Out Now: The Geometric Issue
The 27th April marks Freedom Day in South Africa, a national holiday. To celebrate the 25th anniversary of free elections we devote this issue to the memory of Nelson Mandela, the president whose sense of style set him apart from other world leaders. Dress was an evocative political tool for Mandela's public image, the sartorial embodiment of freedom and self-constitution; his shirts set the tone for a new nation no longer defined by colonial power structures.
The generation of designers who emerged from more than half a century of Apartheid has a strong cultural identity and unique aesthetic. The rest of the world is now enjoying the benefits of its mature style. We see evidence of this in the zig-zag knits of Laduma Ngxokolo who combines Cape Mohair from angora goats read predominantly in the Eastern Cape, with the indigenous designs of the Xhosa region.
Objects with their roots in colonialism such as the Voortrekker Keppie Bonnets, or the Basotho Blanket have been absorbed and reinvented. At a time when the rights and wrongs of cultural appropriation are a hot potato, the striking painted homes of the Ndebele people stand as a treasured example of how a powerful aesthetic can emerge from a range of cultural influences as diverse as Cape Dutch gables, European packaging design and American cars from the 1950s. No appropriation here, just creativity.

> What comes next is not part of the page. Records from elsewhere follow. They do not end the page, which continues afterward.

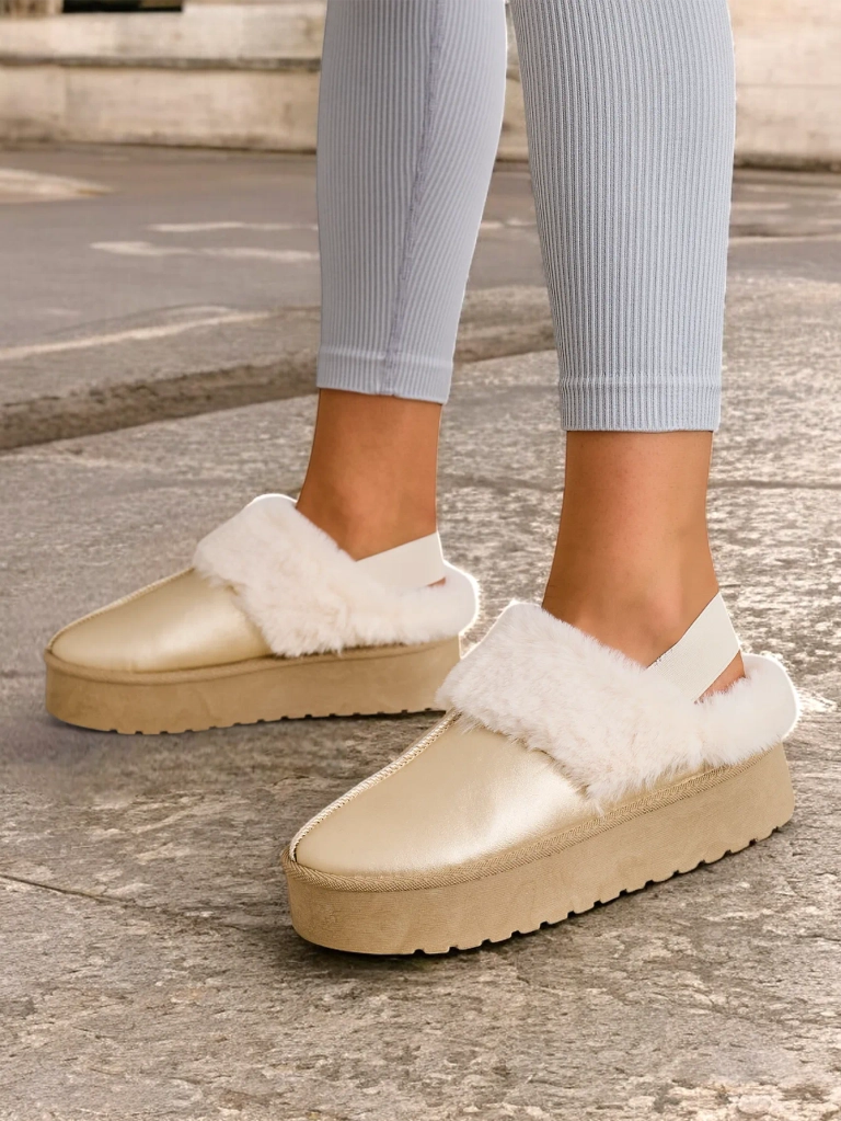 - Great women's winter snow boots on a platform without a heel. The upper is made of eco-leather, the inside is lined with fur. Perfect base for winter!
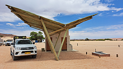 Nous nous installons ensuite sur notre emplacement de camping : petite salle d’eau (avec une douche et un lavabo) et toilettes privées, bac pour la vaisselle, un coin pour le feu et une grande avancée en bois pour faire de l’ombre. C’est camping grand luxe ! Nous nous reposons un peu (Anne-Marie en profite pour régler son stabilisateur de caméra) avant de repartir vers 15 heures pour nous rendre à Deadvlei. Le temps est gris à Sesriem mais Christophe pense que vers l’ouest, vers Deadvlei, nous aurons des éclaircies (prévisions au pifomètre à cadran mobile). Et en effet, après les 60 km de route goudronnée, quand nous arrivons au parking situé avant la bande de sable, des belles éclaircies sont présentes au-dessus de Sossusvlei.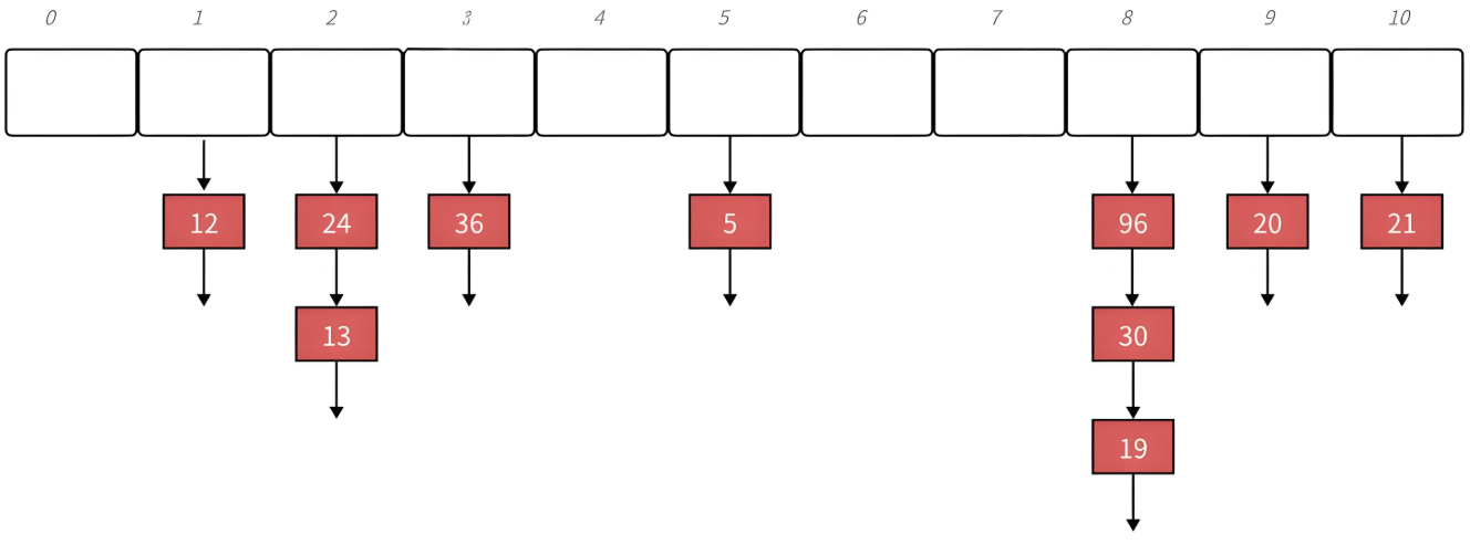 {19,30,5,36,13,20,21,12,24,96}映射到M = 11的表中: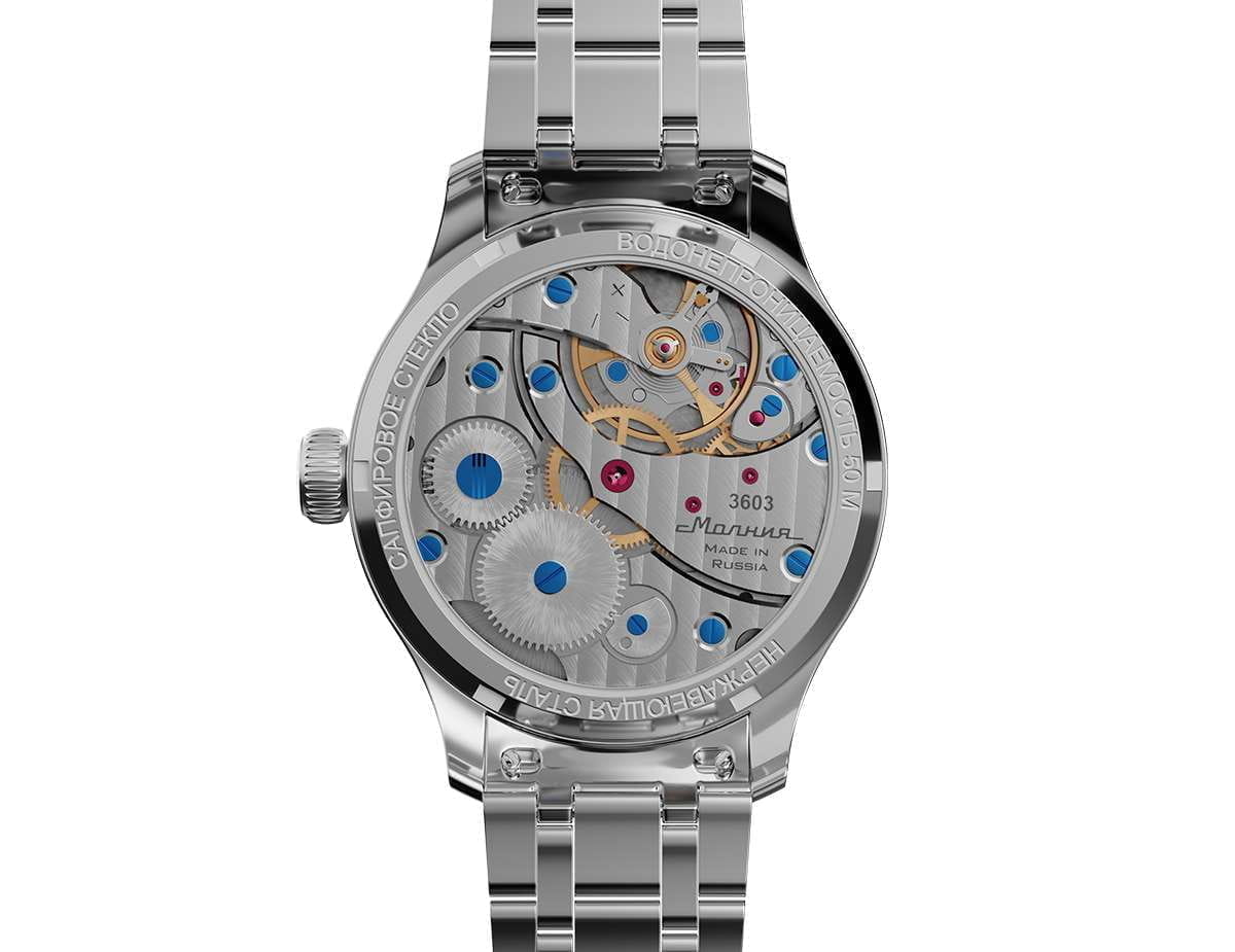 Мужские механические часы с ручным подзаводом — это аксессуар от легендарного бренда «МОЛНИЯ», созданный на Челябинском часовом заводе. Корпус диаметром 41 мм выполнен из нержавеющей стали 316L с зеркальной полировкой. БезельБезельВнешний ободок, закрепляющий стекло. В спортивных часах так называется поворотное кольцо с делениями на циферблате, выполняет роль таймера – замеряет отрезки времени на шкале. Неподвижный безель – элемент декора. Однонаправленно вращающийся безель на дайверских часах позволяет фиксировать моменты погружения и выныривания на поверхность. также выполнен из стали с зеркальной отделкой. Циферблат зелёного цвета оформлен индексами и стрелками. Малая секундная стрелка вынесена на позицию 9 часов. Циферблат защищён сапфировым стекломСапфировое стеклоПрочный и надёжный материал из кристалла сапфира синтетического происхождения, характеризующийся особой твёрдостью и устойчивостью к царапинам и повреждениям. толщиной 2 мм. Механизм — мануфактурный калибр 3603, собранный вручную, с запасом хода до 40 часов. Прозрачная задняя крышка позволяет наблюдать за работой механизма. Часы оснащены стальным браслетом с раскладной застёжкойРаскладная застёжкаТакой тип застёжки используется только на браслетах из металла. Она никогда не раскрывается полностью, происходит разделение на 2 и более частей. Раскладывающая застёжка снизит вероятность потери часов к минимуму. с кнопочным открытием и системой быстрой замены. Водонепроницаемость 50 м позволяет использовать часы в повседневных условиях. Идеальный выбор для тех, кто ценит российское качество и традиции.

Cape Town's finest example of modernity is the MOCA, a gallery carved from circular concrete grain silos standing proud in the baking sun and overlooking the fairest bay in the world. The elements all of this energetic vibrant design have in common is the reinterpretation of geometry the endless variations of squares, circles and triangles, mixed with colour and vigour. Uniting geometry and the healing benefits of craft practice are two stories of quilts that have emerged from war, those made by Boer soldiers, and those made by refugees from the conflict in Bosnia. Vibrancy and beauty can come from the darkest places.